Using the [newspaper3k](https://newspaper.readthedocs.io/en/latest/) package, we extract the full text of each article with an `extractArticles` method. Within the method, we attempt once more to deduplicate data, checking to make sure that the text isn't already stored in the articles dict. Additionally, when building this method, we noticed that some of the URLs returned by the query were missing a / or other punctuation, and hence would raise an exception. To overcome this, we instruct the method to continue past any broken links.

In [26]:
def extractArticles(lst, dic):
    for j in lst:
        try:
            art = Article(j)
            art.download()
            art.parse()
            text = re.sub('\s+',' ',art.text)
            if text not in dic.values():
                dic[j] = text
        except:
            continue

In [27]:
myanmar_articles = {}
extractArticles(myanmar_urls, myanmar_articles)

In [28]:
myanmar_texts = pd.DataFrame.from_dict(myanmar_articles, orient='index', columns=['text'])

After creating a dataframe of our article texts, we use regular expressions to remove punctuation and then cast all words to lower case, for use later.

In [29]:
myanmar_texts['text']= myanmar_texts['text'].map(lambda x: re.sub('[,\.!?]', '', x))
myanmar_texts['text'] = myanmar_texts['text'].map(lambda x: x.lower())

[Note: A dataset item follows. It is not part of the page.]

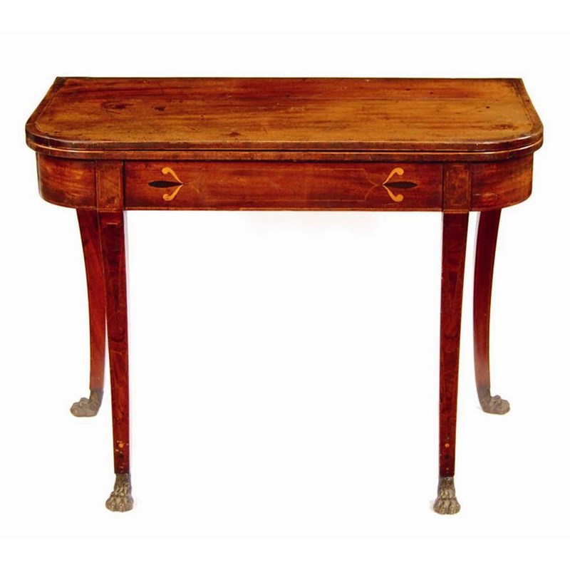 A Regency mahogany card table, inlaid stringing the 'D' shape top above a marquetry frieze on sabre legs terminating on bronze paw feet, formerly on castors, 28in (71.2cm), 36.25in (92cm) w, 17.75in (45cm) d. Cracks to top.

Once again, we store the variable for later use in another notebook.

In [31]:
%store myanmar_texts

Stored 'myanmar_texts' (DataFrame)


Now we import the `nyt_urls_df` dataframe from the `NYT.ipynb` notebook, and perform the same steps as above.

In [32]:
%store -r nyt_urls_df

In [33]:
nyt_urls_df.rename({0:'url'}, axis=1, inplace=True)

In [34]:
nyt_urls = []
for i in range(0, nyt_urls_df.shape[0]):
    nyt_urls.append(nyt_urls_df.iloc[i]['url'])

In [35]:
len(nyt_urls)

1059

In [36]:
nyt_articles = {}
extractArticles(nyt_urls, nyt_articles)

In [37]:
nyt_texts = pd.DataFrame.from_dict(nyt_articles, orient='index', columns=['text'])

In [38]:
nyt_texts['text']= nyt_texts['text'].map(lambda x: re.sub('[,\.!?]', '', x))
nyt_texts['text'] = nyt_texts['text'].map(lambda x: x.lower())

In [40]:
%store nyt_texts

Stored 'nyt_texts' (DataFrame)